And backing all of that is my investor knowledge about Tesla (the company). If, for instance, I have a Put on track to expire ITM, then a serious choice for me is to just allow assignment, as that yields more shares (ok by me).

It's harder on the call side - I mostly want to own all my shares till I'm dead and give them away. But taking assignment at a very high strike price is hardly the end of the world either.

It's ultimately these two backstops that makes this easy for me. Oh - and I use very little margin, even though I've got margin on my account. It's more capital intensive, and I miss out on leveraged upside, as well as leveraged downside.


Besides doing the OA videos, the primary recommendation I have is to start small and conservative, whatever and wherever you begin.

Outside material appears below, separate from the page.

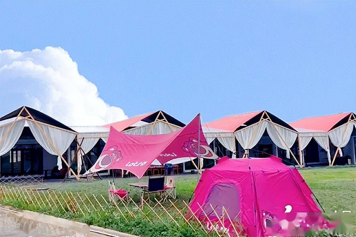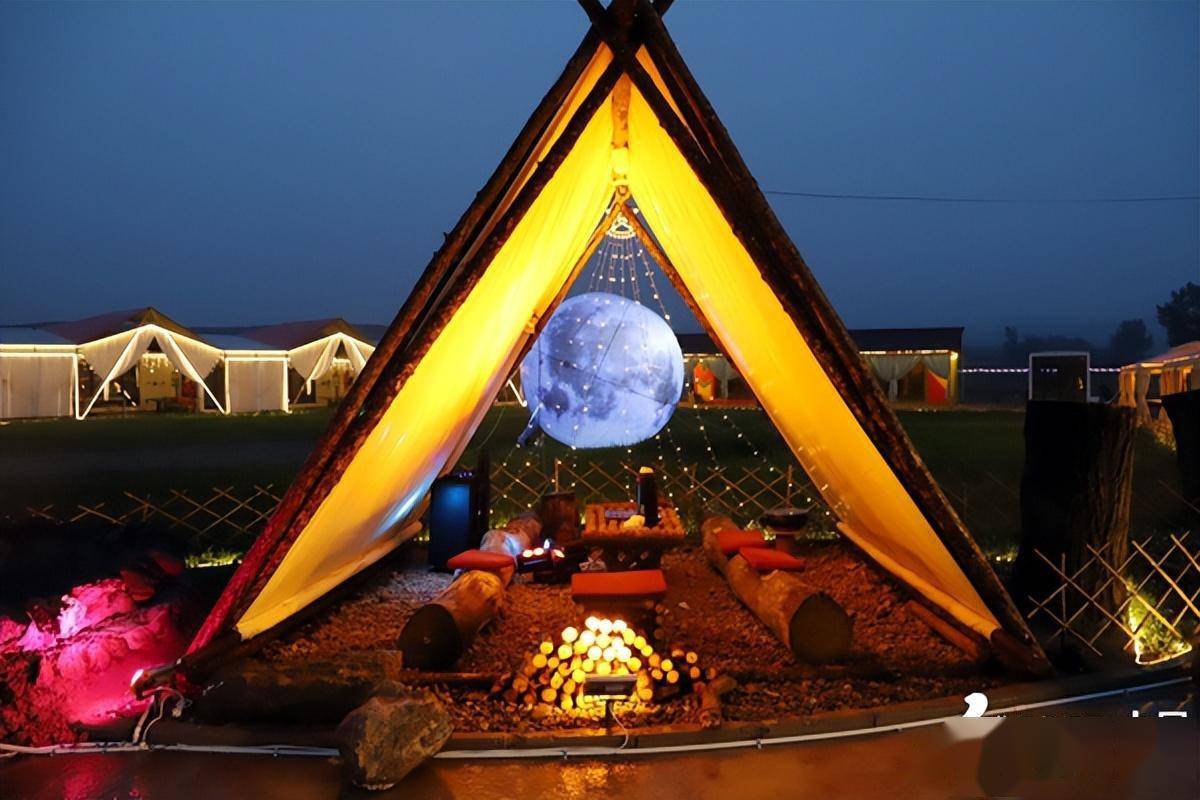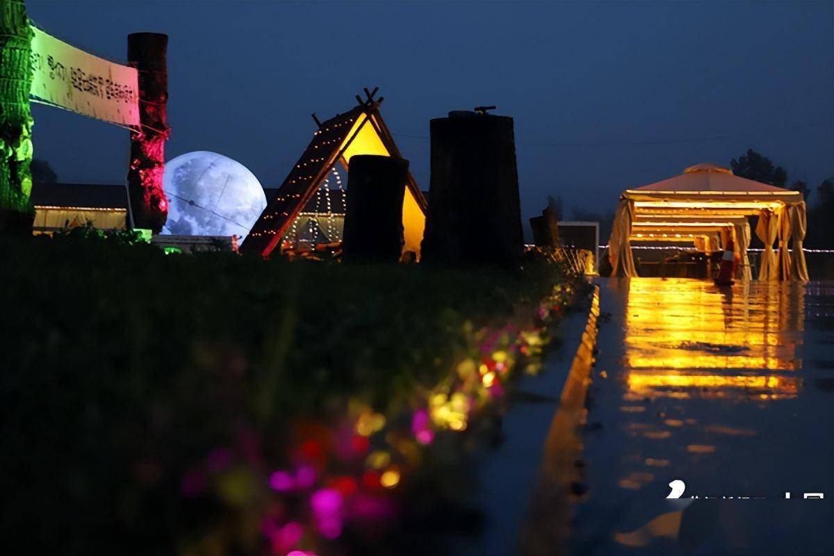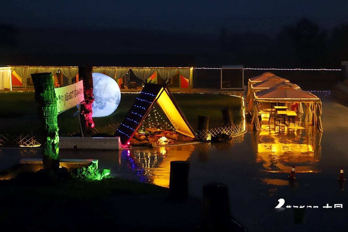 整个营地碧绿的草坪上点缀着各式帐篷,扑面而来的自然气息,让人惬意又自在!日垂西山、营灯亮起,露营基地里最浪漫的时光来临。在夏日微暖的夜风里,尽享露营和烧烤的欢乐时光,除了配有完备的露营装备之外,还有丰富的美食,各色烧烤和瓜果蔬菜一样不少。在草地上纳凉,在星空下仰望,在自然中搭起帐篷,三五好友,一杯浊酒,轻歌曼舞。在摇曳的灯光中,蝉鸣都显得如此动听,随着夕阳逐渐没入地平线,彩色的灯球和帐篷里暖黄色的灯光,让整个营地充满着欢声笑语。

Get some experience with the mechanics which will also expose you to how options react to time and share price moves. Knowing the greeks exist and having an idea of what they mean is the first part, but the experience with some money on the line (skin in the game) is a lot more meaningful than some educational videos or paper trading (it's a continuum of increasing knowledge, experience, and ability).

The other thing to realize is that yes - put sales (within options sales more generally) have been our best performing for awhile. Maybe long enough to forget / not realize that if we see a downturn (plenty in the forum seem to think that can't happen), then it'll be the call sales that perform the best, and the put sales that are the most risky / least valuable. It's fluid :)


Note on the OA videos -- I think of them as:
1) Option basics
2) Getting into a trade
3) Getting out of a trade
 
All seems about right to me.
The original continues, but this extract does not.